* **What needs to be done**:
Return the listing in full and exactly, but without a single picture.

* **Given data**:
═══

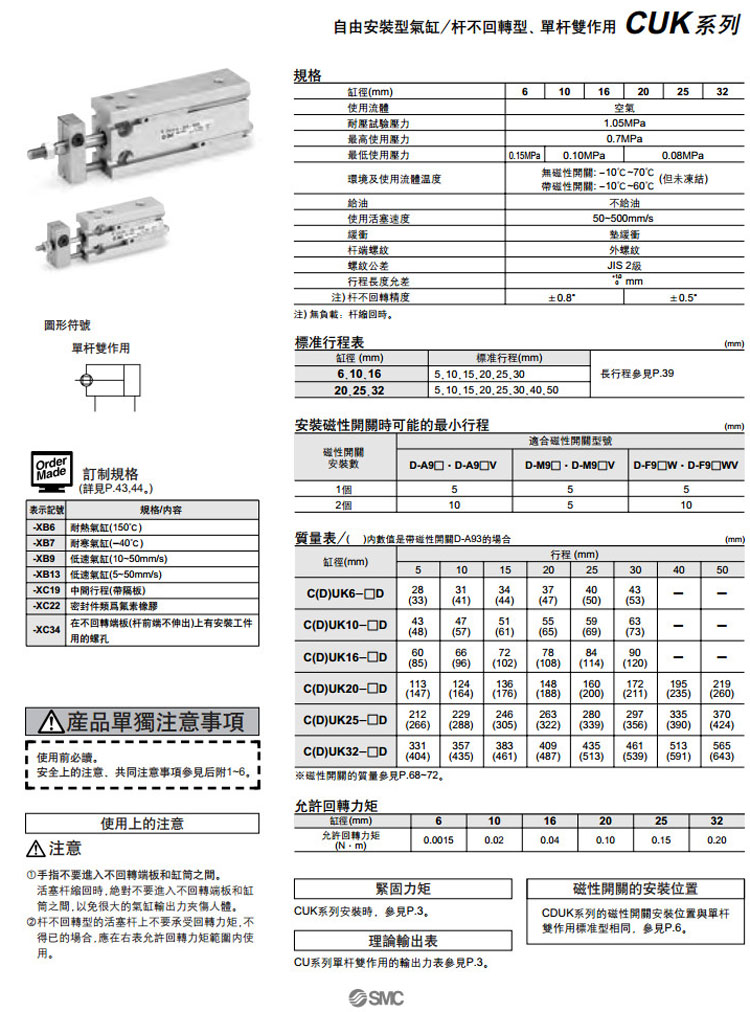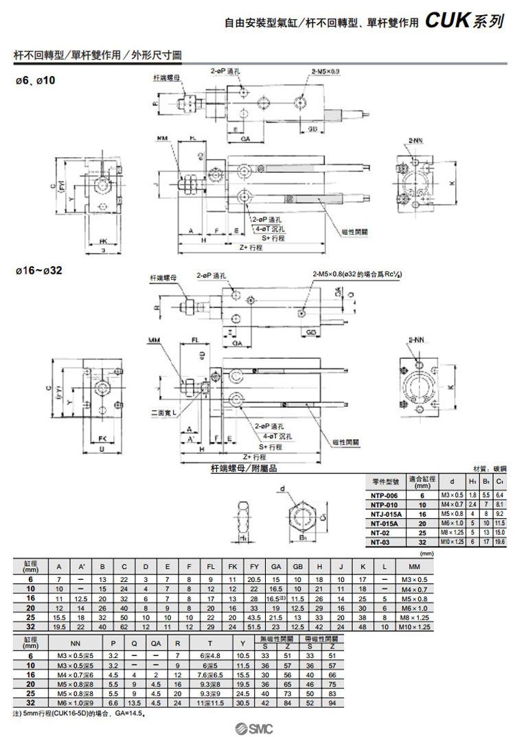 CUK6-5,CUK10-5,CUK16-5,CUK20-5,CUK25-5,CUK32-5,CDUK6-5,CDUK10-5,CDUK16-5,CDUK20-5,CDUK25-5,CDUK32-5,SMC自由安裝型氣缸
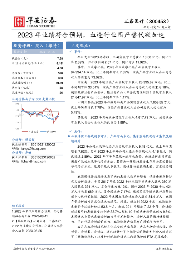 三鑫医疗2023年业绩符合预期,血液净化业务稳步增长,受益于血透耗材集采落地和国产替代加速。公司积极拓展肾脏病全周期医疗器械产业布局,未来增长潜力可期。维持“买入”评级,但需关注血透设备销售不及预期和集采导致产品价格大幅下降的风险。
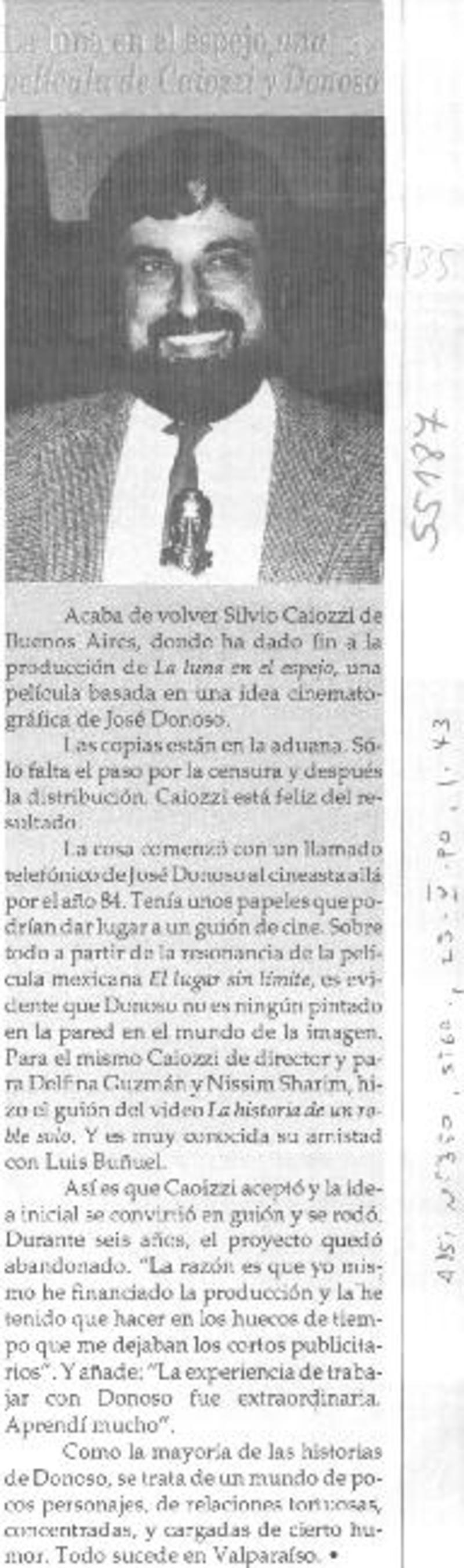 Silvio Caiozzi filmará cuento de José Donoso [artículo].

═══

* **Problem solution**:
 CUK6-5,CUK10-5,CUK16-5,CUK20-5,CUK25-5,CUK32-5,CDUK6-5,CDUK10-5,CDUK16-5,CDUK20-5,CDUK25-5,CDUK32-5,SMC自由安裝型氣缸
 三鑫医疗2023年业绩符合预期,血液净化业务稳步增长,受益于血透耗材集采落地和国产替代加速。公司积极拓展肾脏病全周期医疗器械产业布局,未来增长潜力可期。维持“买入”评级,但需关注血透设备销售不及预期和集采导致产品价格大幅下降的风险。
 Silvio Caiozzi filmará cuento de José Donoso [artículo].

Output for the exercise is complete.